**Material provided:**
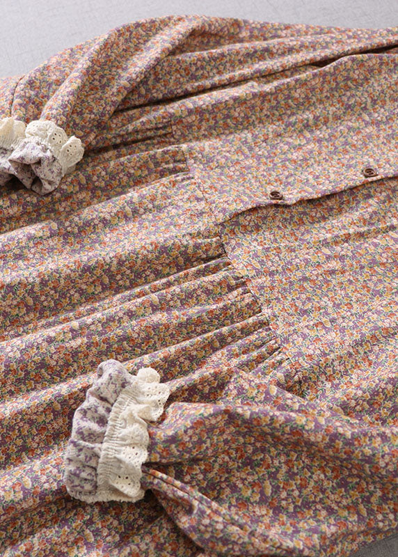 Women Purple Ruffled Print Cotton Maxi Dress Spring
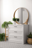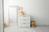 Stylowe wnętrze pokoju z szufladami i okrągłym lustrem
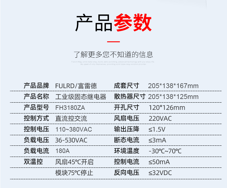 Fured Industrial Level Solid State Relay Kit 180A AA AC Control FH3180ZA electric heating ssr
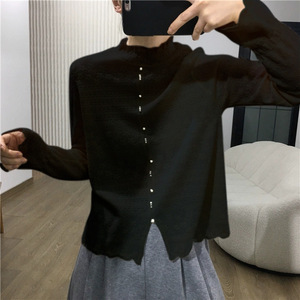 25现款欧根纱蕾丝钉珠高品质厚款秋冬打底衫女针织上衣洋气针织

**How to complete this task:** Final stretch of the data: repeat exactly each line from the one containing "Stylowe wnętrze pokoju" through the last, and omit all pictures.

**Solution for this exercise:**
 Stylowe wnętrze pokoju z szufladami i okrągłym lustrem
 Fured Industrial Level Solid State Relay Kit 180A AA AC Control FH3180ZA electric heating ssr
 25现款欧根纱蕾丝钉珠高品质厚款秋冬打底衫女针织上衣洋气针织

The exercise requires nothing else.